Philip Ozouf is a Jersey politician who is currently serving as the Minister for External Relations and Financial Services and a Deputy for the Parish of St Saviour. He was a member of the States of Jersey from 1999 until 2018, serving as Economic Development Minister, Treasury and Resources Minister, and Assistant Chief Minister in the Council of Ministers.

Early life and education 
Philip Francis Cyril Ozouf was born in Jersey. He is the son of farmer and former Connétable of Saint Saviour Philip Francis Ozouf.

He was educated at Victoria College, Jersey, then attended the European Business School in London, Frankfurt and Paris; he gained a BA (Hons) International Business and French Equivalent. He also qualified to diploma stage of the Chartered Institute of Management Accountants. He describes himself as a "reasonably fluent" French, German and Spanish speaker.

Electoral history 
He was elected to the States of Jersey as a Deputy for Saint Helier District 3&4, in November 1999, topping the poll with 1,618 votes, a record number of votes in this district.

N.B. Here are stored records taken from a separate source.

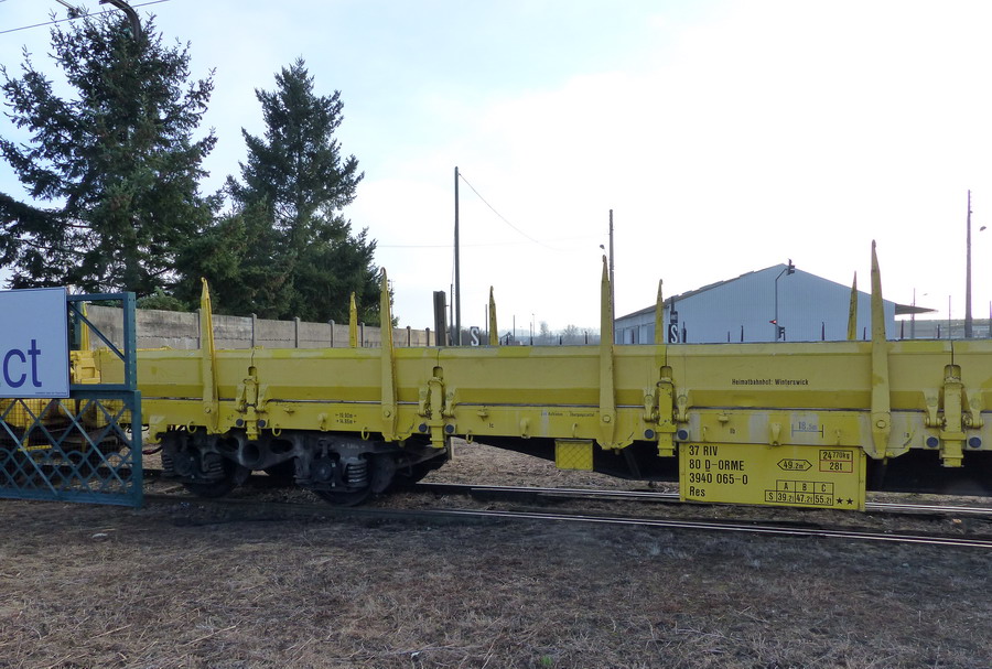 Voici le wagon 37 80 3940 065-0 Res RIV D-ORME de la société On Rail Gmbh (Allemagne) pour la société de location de wagons M.F.I sa (Matériel Ferroviaire et Industriel) de Strasbourg qui est une société spécialisée dans l'achat-vente, la location,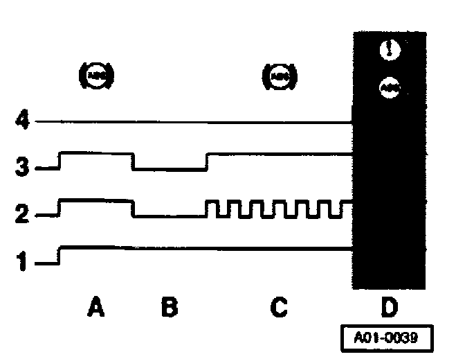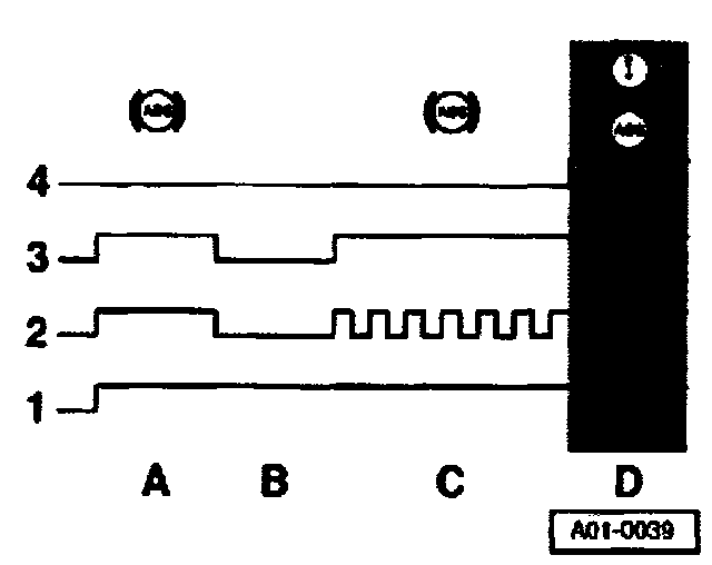 A - During phase "A" (after ignition is switched on) the ABS/EDL warning light is activated for two seconds during the self-test by means of signal "2", and comes on. During this phase an internal function in the instrument cluster suppresses the activation of the brake system warning symbol.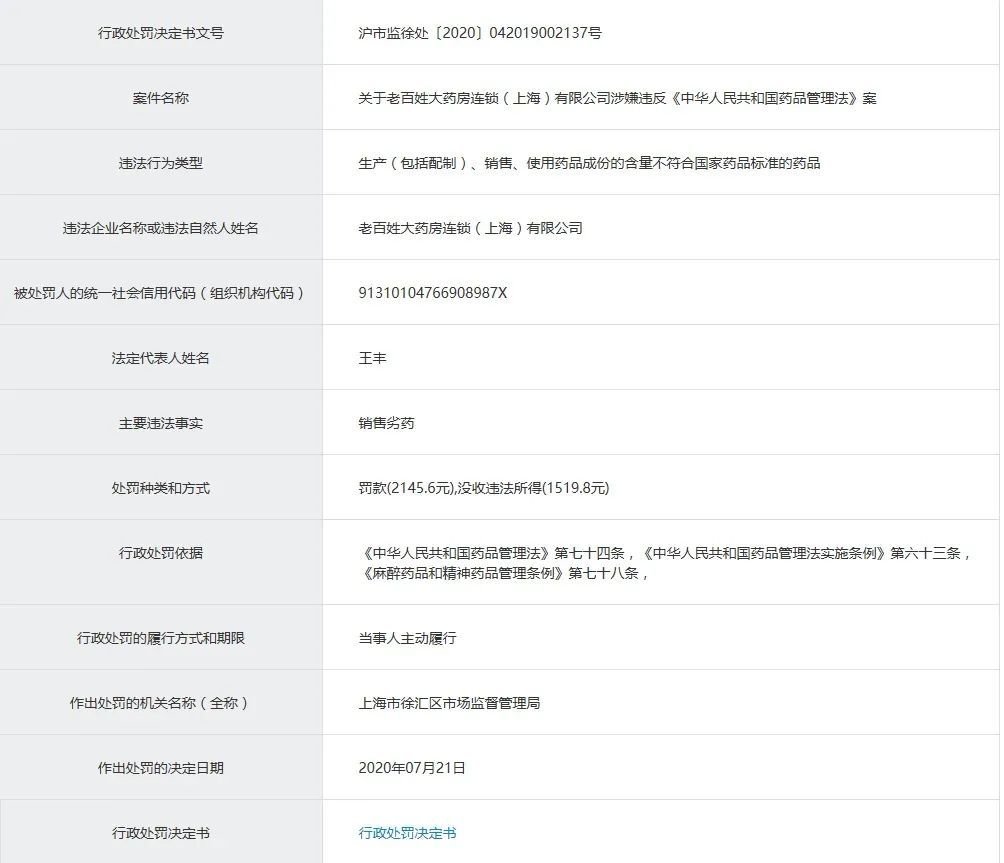 日前,上海市药监局发布行政处罚决定书(沪市监徐处〔2020〕042019002137号)显示,老百姓大药房连锁(上海)有限公司因销售劣药被罚没共计3665.4元。

He was then elected a Senator in 2002, topping the poll with 14,442 votes. He was re-elected in 2008 in 5th position with 8,712 votes. He was re-elected a senator in 2014 with 10,062 votes.

He did not stand for re-election in the 2018 elections.

Responsibilities 
Senator Ozouf serves as Vice Chairman of the Alliance Française Jersey branch.

Previous posts

Assistant Chief Minister
From the October 2014 election Senator Ozouf acted as Assistant Chief Minister with responsibility for Financial Services, Digital, Competition and Innovation matters, assuming full responsibility for Jersey's Innovation Fund at the beginning of 2016.  On 20 January 2017 the Chief Minister confirmed that he had received and accepted Senator Ozouf's formal resignation from the post following publication of a report from the Auditor General criticising the way in which the Jersey Innovation Fund had lost a substantial part of the public funds entrusted to it.

Privileges and Procedures Committee
Ozouf served on the Privileges and Procedures Committee.

Treasury
Between December 2008 and October 2014, Ozouf had been Treasury Minister in the Council of Ministers. He was proposed for the post by the Chief Minister, Terry Le Sueur, and received 38 votes, beating Deputy Geoff Southern who received 13 votes.

Economic development
From 2005 to 2008, Ozouf was Economic Development Minister in the Council of Ministers. This role had a wide remit, taking responsibility for subjects as varied as transport links, the Competition Law, the Rural Strategy. He was primarily tasked with achieving 2% real economic growth annually. This was something which has been recognised, even by his critics, as no small task. Ozouf was a strong supporter of the Goods and Sales Tax (GST), introduced on 6 May 2008 and initially levied at 3%.

Other roles
Ozouf was vice chairman of the States of Jersey Employment Board.

He is a former member of the Jersey Legal Information Board, a statutory body with the remit to improve access to information about the Jersey law.

He also served as a board member of the Jersey Communities Relations Trust, a States sponsored body that works to ensure that minority groups in Jersey are not disadvantaged.

He was also a member of the Jersey branch of the Assemblée Parlementaire de la Francophonie

Political campaigns 
Ozouf, who is gay, supported the campaign for the introduction of a Civil Partnership law in Jersey, which the States of Jersey passed in July 2011.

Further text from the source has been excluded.